Patent plaintiffs and defendants both engage in sophisticated forum analysis: PLAINTIFF'S VENUE STRATEGY: (a) ELIGIBILITY: can you properly sue in this district under § 1400(b)? (b) CASE MANAGEMENT: how fast does the judge set case management schedules?; trial dates? discovery cutoffs?; fast trial = pressure on defendants to settle; (c) LOCAL PATENT RULES: many districts have local patent rules requiring early claim construction exchange; some rules favor plaintiffs, some defendants; (d) CLAIM CONSTRUCTION PROCEDURES: does the judge hold a Markman hearing early (before or after claim construction)? when does it occur relative to summary judgment?; (e) INJUNCTION HISTORY: is this district historically willing to grant preliminary injunctions?; (f) JURY COMPOSITION: local jury demographics; tech literacy; plaintiff or defendant sympathy; (g) JUDGE'S PATENT REPUTATION: experience with complex patent cases; prior decisions on relevant legal issues; (h) MEDIAN TIME TO TRIAL: WDTX under Judge Albright: 18-24 months; EDTX: 2-3 years; Delaware: 2-3 years; NDCA: 3+ years; DEFENDANT'S STRATEGY: file DJ action in home district first if in-bound litigation is anticipated; move to transfer § 1404(a) on convenience grounds; challenge § 1406(a) improper venue vigorously; use mandamus to challenge refusal to transfer; MULTI-DEFENDANT CASES: different defendants may be in different proper venues; patent holders may file separate cases or seek to consolidate in MDL (multidistrict litigation); INTERNATIONAL TRADE COMMISSION (ITC): no venue requirement; global exclusion order; fast (18-month) schedule; respondents from anywhere; used for infringement by imported goods.
How does venue interact with ITC proceedings and patent litigation strategy?
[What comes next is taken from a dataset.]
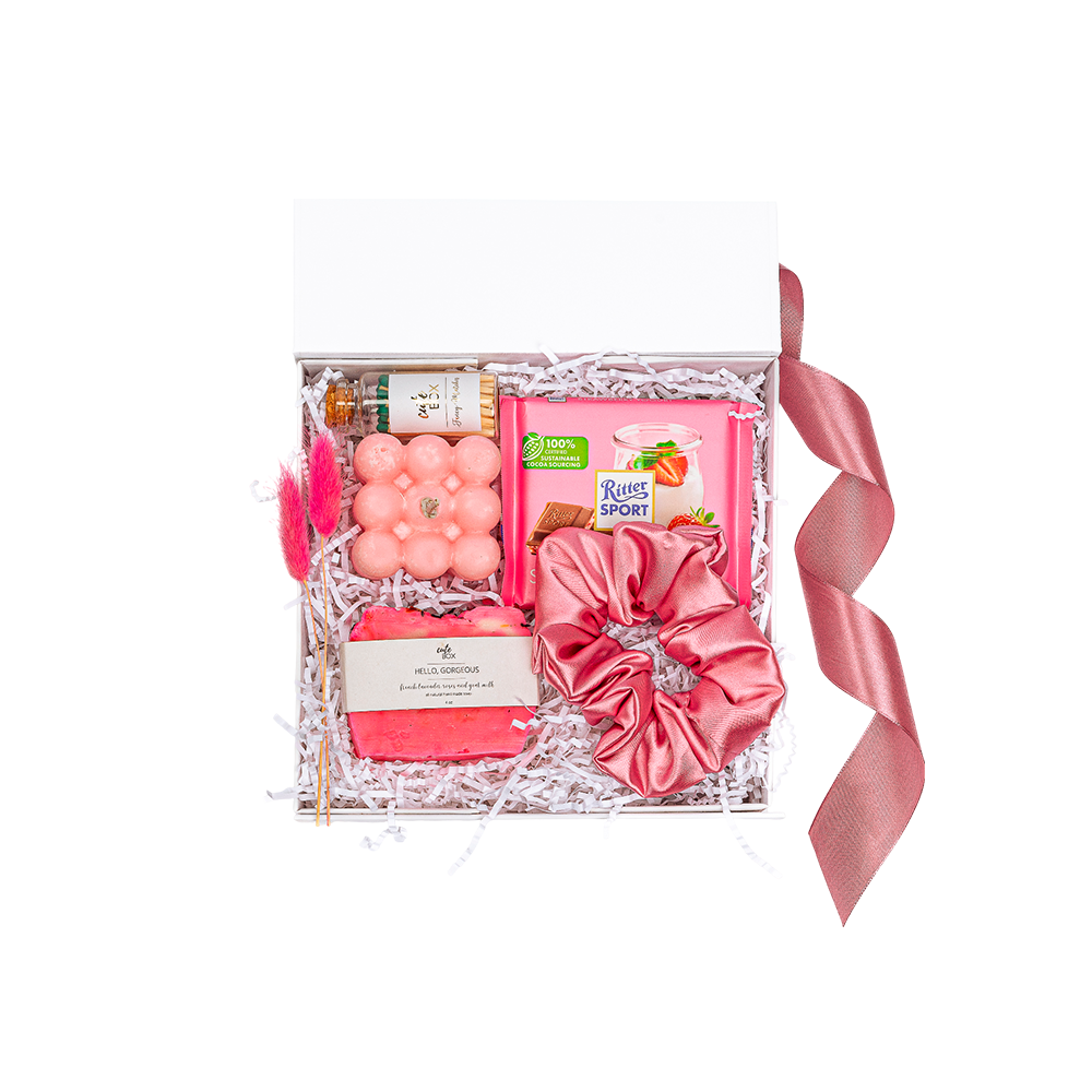 Empacado en caja rectangular premium color blanco con cierre magnético pequeña. Papel de relleno, listón, tarjetas personalizables y flor natural seca.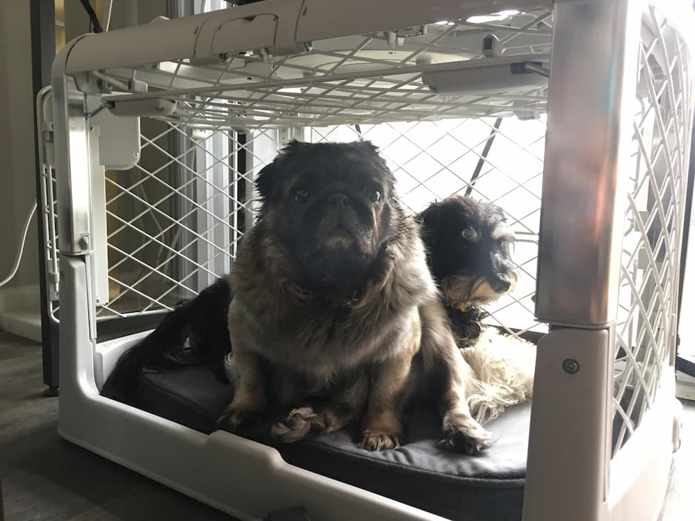 I’ve never had a dog who used a crate until now. My Aussie Shepherd service dog of 12 years would have done anything for me, but he wouldn’t voluntarily go into a crate. However, we recently adopted two pups who regularly spent time in crates before they joined our household. We wanted to keep them acclimated to a crate but help them form a more positive association with using one. Our Pekapug Miss Pearl had lived her previous life in a crate at an Asian meat market, and our Dachshund-mix Jean-Luc didn’t seem thrilled about crates. We quickly realized our old crate was not super comfortable or conducive for travel. So we wanted to give Miss Pearl and Jean-Luc a much-deserved upgrade and an overall good experience. Enter the Diggs Revol dog crate, an attractive, collapsible, modern alternative to traditional dog crates.

Strategic patent litigation often involves coordinating district court cases with ITC proceedings: ITC § 337 INVESTIGATIONS — NO VENUE LIMIT: the International Trade Commission can investigate anyone whose imported goods infringe US patents; no § 1400(b) venue limitation; the complainant (patent holder) files at the ITC in Washington, D.C.; all respondents are brought in regardless of where they are located; the ITC can issue: exclusion orders (barring import of infringing goods); cease-and-desist orders; PARALLEL PROCEEDINGS STRATEGY: patent holders often file simultaneously: ITC complaint (for exclusion order); district court complaint (for damages — ITC cannot award money damages); the district court case is usually stayed pending ITC resolution (courts have discretion); the ITC's schedule (typically 12-18 months to initial determination) puts pressure on defendants; ITC VENUE ADVANTAGE: multinational companies headquartered abroad; defendants with no US presence or limited US operations; defendants whose US operations don't satisfy § 1400(b); defendants who manufacture abroad and import products to the US; DOMESTIC INDUSTRY REQUIREMENT: ITC § 337 requires complainant to have a domestic industry relating to the patented articles: economic prong: significant US investment, employment, or licensing; technical prong: protected articles practice the patent; practicing entity requirement: NPEs (non-practicing entities) can satisfy domestic industry through licensing activities; COORDINATION: if ITC issues exclusion order, defendant may have leverage to settle or obtain a license; ITC invalidation of claims has estoppel effects; WDTX AND ITC PARALLEL: Judge Albright's district allows parallel litigation efficiently; major tech disputes often run WDTX district court + ITC simultaneously.